---- Source data

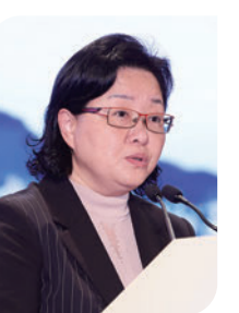
▲梅州市政協主席楊朝暉致詞。
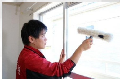
(※1) スクイジー仕上げ
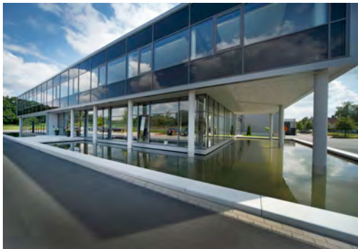
2014 Gebr. Tuxhorn GmbH & Co. KG Bielefeld LP 1 - 9
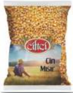
Cin Mısır Corn
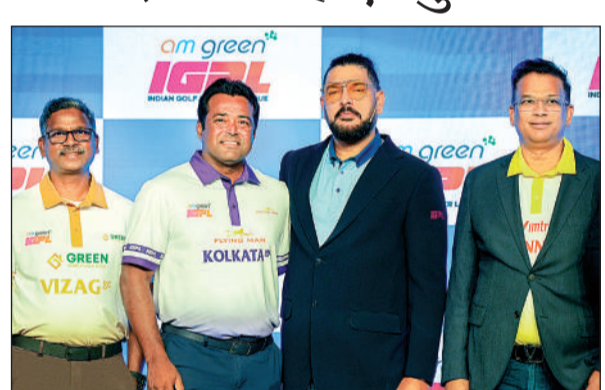
यूएफोई में फ्रेंचाइजी लाइन-अप के अनावरण के दौरान इंडियन गोल्फ प्रीमियर लीग के को-फाउंडर और ब्रांड एंबेसडर युवराज सिंह (दाएं से दूसरे), पूर्व टेनिस खिलाड़ी और फ्रेंचाइजी के मालिक लिंडर पेंस (बाएं से दूसरे)।

युवराज ने आईजीपीएल की 10 फ्रेंचाइजी के अनावरण के मौके पर कहा क्रिकेट को क्रिकेट के साथ-साथ गोल्फ भी खेलना चाहिए। मुझे भी पहले गोल्फ खेलना चाहिए था, जिससे मुझे क्रिकेट में मदद मिलती। गोल्फ वास्तव में आपको तनाव से मुक्ति दिलाता है। आईजीपीएल का कार्यक्रम अभी तय होना बाकी है। उन्होंने कहा ज्यादातर विदेशी क्रिकेटर, खासकर ऑस्ट्रेलिया, न्यूजीलैंड, इंग्लैंड और दक्षिण अफ्रीका के खिलाड़ी बचपन से ही गोल्फ खेलते हैं। युवराज ने कहा
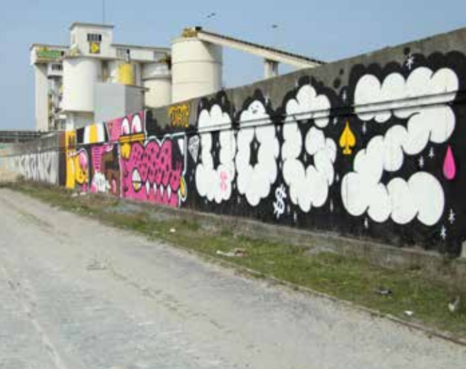
Graffitiewerk op de muren van de intussen gesloopte Inter-Betonfabriek.

De invloed van het modernisme uit het interbellum zinderde nog duidelijk na in de architectuur van de silo's, de zwevende loopbruggen en de wenteltrappen met daarnaast de gele havenkraan die naadloos aansloot op het tweekleurige geheel. Intussen allemaal verleden tijd. In 2009 verhuisde Inter-Beton naar een nieuwe locatie aan de Alphonse Sifferlaan en de betoncentrale zelf verdween in 2021 onder de sloophamer om plaats te maken voor een wijkpark. De gele havenkraan kreeg een nieuwe laag verf en werd groen geschilderd, een verwijzing naar de vroegere kleur van de Gentse stadskranen.
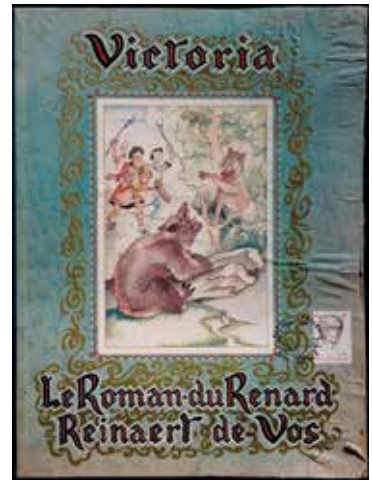
Covers van enkele boeken uit de bibliotheek van Camille Huysmans.
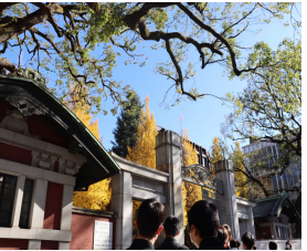
趣のある駒場キャンパス

--------

▶ Assignment
What you return should be only the lines from the line with "यूएफोई में फ्रेंचाइजी" through the last line of the listing above, exactly, both ends included, pictures excluded.

▶ Response to the exercise
यूएफोई में फ्रेंचाइजी लाइन-अप के अनावरण के दौरान इंडियन गोल्फ प्रीमियर लीग के को-फाउंडर और ब्रांड एंबेसडर युवराज सिंह (दाएं से दूसरे), पूर्व टेनिस खिलाड़ी और फ्रेंचाइजी के मालिक लिंडर पेंस (बाएं से दूसरे)।

युवराज ने आईजीपीएल की 10 फ्रेंचाइजी के अनावरण के मौके पर कहा क्रिकेट को क्रिकेट के साथ-साथ गोल्फ भी खेलना चाहिए। मुझे भी पहले गोल्फ खेलना चाहिए था, जिससे मुझे क्रिकेट में मदद मिलती। गोल्फ वास्तव में आपको तनाव से मुक्ति दिलाता है। आईजीपीएल का कार्यक्रम अभी तय होना बाकी है। उन्होंने कहा ज्यादातर विदेशी क्रिकेटर, खासकर ऑस्ट्रेलिया, न्यूजीलैंड, इंग्लैंड और दक्षिण अफ्रीका के खिलाड़ी बचपन से ही गोल्फ खेलते हैं। युवराज ने कहा
Graffitiewerk op de muren van de intussen gesloopte Inter-Betonfabriek.

De invloed van het modernisme uit het interbellum zinderde nog duidelijk na in de architectuur van de silo's, de zwevende loopbruggen en de wenteltrappen met daarnaast de gele havenkraan die naadloos aansloot op het tweekleurige geheel. Intussen allemaal verleden tijd. In 2009 verhuisde Inter-Beton naar een nieuwe locatie aan de Alphonse Sifferlaan en de betoncentrale zelf verdween in 2021 onder de sloophamer om plaats te maken voor een wijkpark. De gele havenkraan kreeg een nieuwe laag verf en werd groen geschilderd, een verwijzing naar de vroegere kleur van de Gentse stadskranen.
Covers van enkele boeken uit de bibliotheek van Camille Huysmans.
趣のある駒場キャンパス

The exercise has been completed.